The term log facies refers to the classes of rock that can be distinguishable according to the measurements of electromagnetic, acoustic, and nuclear properties. In other words, facies are the set of log responses that describe a bed by differentiating it from others [1].  Computer applications are used in the exploration of oil and gas fields both at the well site and in the office due to high speed processing of data. However, the applications for well log analysis, employing traditional computer programming, are not able to match the human ability to perceive trends, discrimination of groups, and anomalies within noisy data.

Pattern-recognition techniques are required to conclude the fundamental parameter values due to the variability in reservoir rock properties. The computational based application for well log analysis uses the statistical inference methods for calibration, prediction, and error analysis of reservoir properties. The statistical approaches have some limitations when dealing with non-linear and inseparable multiple regression [1].

The most frequently employed types of logging devices utilized in well bore are short spaced conductivity, natural gamma ray activity, bulk density, photoelectric effect, and neutron porosity. The selection of features to define log facies is a primary task in well bore analysis [3]. A geologist is able to classify facies from visual inspection of the log data curves, and his ability to recognize facies depends on experience and memory of the facies that exist, and their appearance in log curves in various positional surroundings.

Neural network technology provides a better solution for well log analysis due to its robustness over traditional estimation procedures of statistical regression. Neural networks trained for facies determination from well log do not replace the geologist, but assist the geologist in utilizing his/her time and experience more efficiently [2]. Recently, neural networks have been successfully applied to the determination of facies from well log data, and more work is in progress in order to find more effective utilization of this technology

The majority of previous works on well log analysis using neural network applications have been based on supervised training algorithms.

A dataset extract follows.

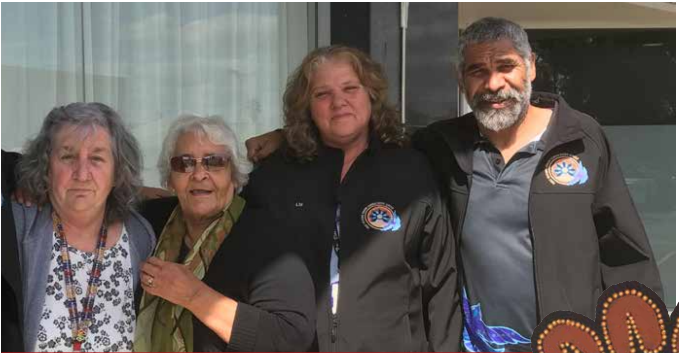
Photo: Some Members of the First Nations Senior Consultative Circle

In this work, a different approach to well log analysis, a self-organizing map (SOM) is used to pick target flags. The target flags are then used in the training of supervised back-propagation neural network to test the integrity of those flags. Target flags are found within the cluster nodes and refer to the data set that represents the facies.

In the experiments conducted in this work, target flags acquired from SOM are compared to well log analyst target flags in training back-propagation neural network. The effect of different parameters associated with SOM, such as resolution, the size of inhibition radius level, and the radii ratio of the size of inhibition/excitation are examined.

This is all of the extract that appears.